Já Ricardo Carneiro lembra que existem correntes que enquadram o trabalho uberizado como outro qualquer e que, sob esse ponto de vista, não seria nem necessário uma nova regulação. Ele citou o trabalho de motofretista, por exemplo, que é uma categoria específica prevista em lei (12009/2009).
Fim da escala 6x1
A discussão sobre o fim da escala 6x1 avançou no Congresso no fim de 2025, embora existam resistências entre parlamentares. Conforme mostrou o JOTA, o modelo que tem mais chance de prosperar, por ora, é o da jornada de 40 horas semanais, ou seja, o 5x2, e não o 4x3 como movimentos sociais têm defendido.
Para Rafael Caetano de Oliveira, esse tema andou no ano passado, mas há dúvida sobre se seguirá no mesmo ritmo, principalmente por causa das eleições. “Uma coisa é fato, tem uma série de questões que rodeiam essa questão, que às vezes parece que passam ao largo. Quando se olha mundialmente essa questão da jornada. Isso está bem associado à produtividade, e o Brasil ocupa uma das piores posições do ranking em produtividade”.
Dissídios coletivos
A tese fixada pelo TST de que é possível instaurar dissídio coletivo de natureza econômica, mesmo sem comum acordo entre os sindicatos patronal e dos trabalhadores, nos casos em que uma das entidades se recuse arbitrariamente a participar da negociação coletiva deve impactar as tratativas nas empresas, segundo Rafael Oliveira.

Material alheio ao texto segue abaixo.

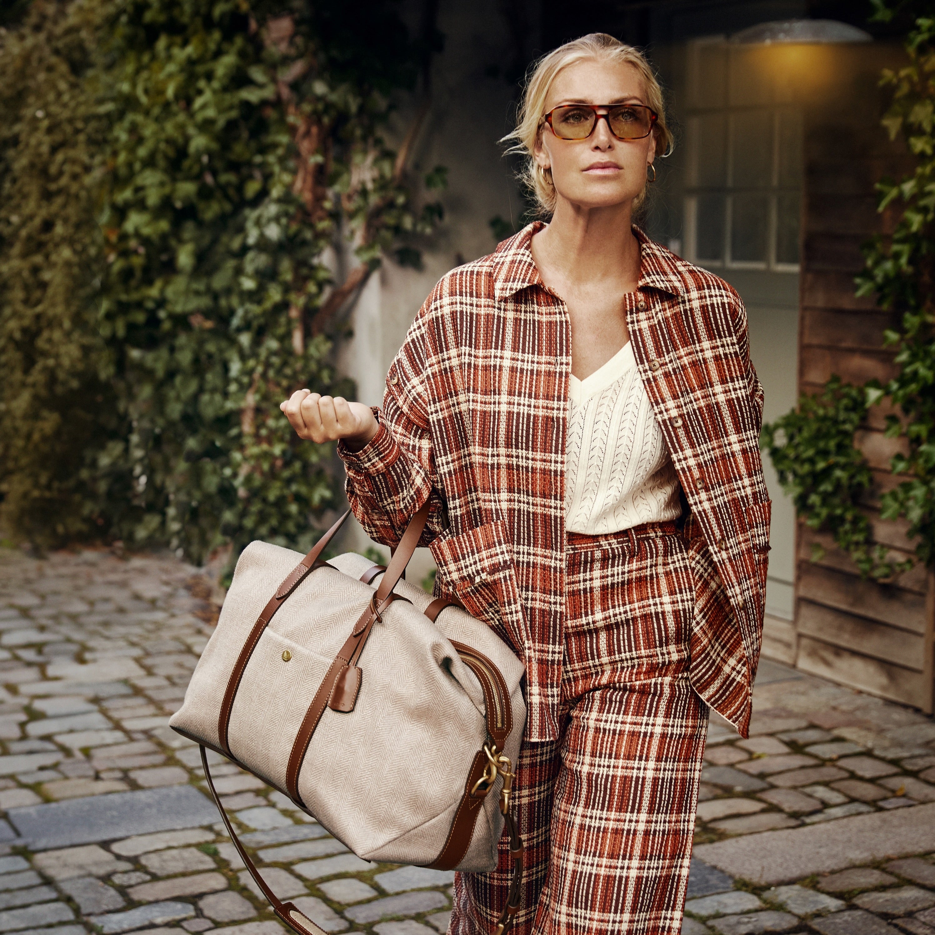 Stylish, mid-sized weekender Complies w. cabin size restrictions Adjustable & detachable shoulder strap

“A grande preocupação é como será o comportamento dos sindicatos no sentido de qual o parâmetro para se interpretar qualquer situação específica como recusa de negociação. Recusar negociar é bem diferente de não chegar a um denominador comum”, disse. O advogado ressaltou que o judiciário terá o papel de identificar se a recusa existiu ou não, podendo extinguir o dissídio se não se encaixar na hipótese.
Ricardo Carneiro entende que a tese não trará um grande impacto em termos de judicialização, por ser muito específica. O diz que a recusa de uma das partes a negociar é evidenciada “pela ausência reiterada às reuniões convocadas ou pelo abandono imotivado das tratativas”.
“O recorte está bem delimitado. Eu não creio que nas negociações travadas no Brasil esse exemplo de má-fé se apresenta, muito pelo contrário, é exceção, que já vinha sendo tratada de forma específica pela jurisprudência da Justiça do Trabalho”, declarou.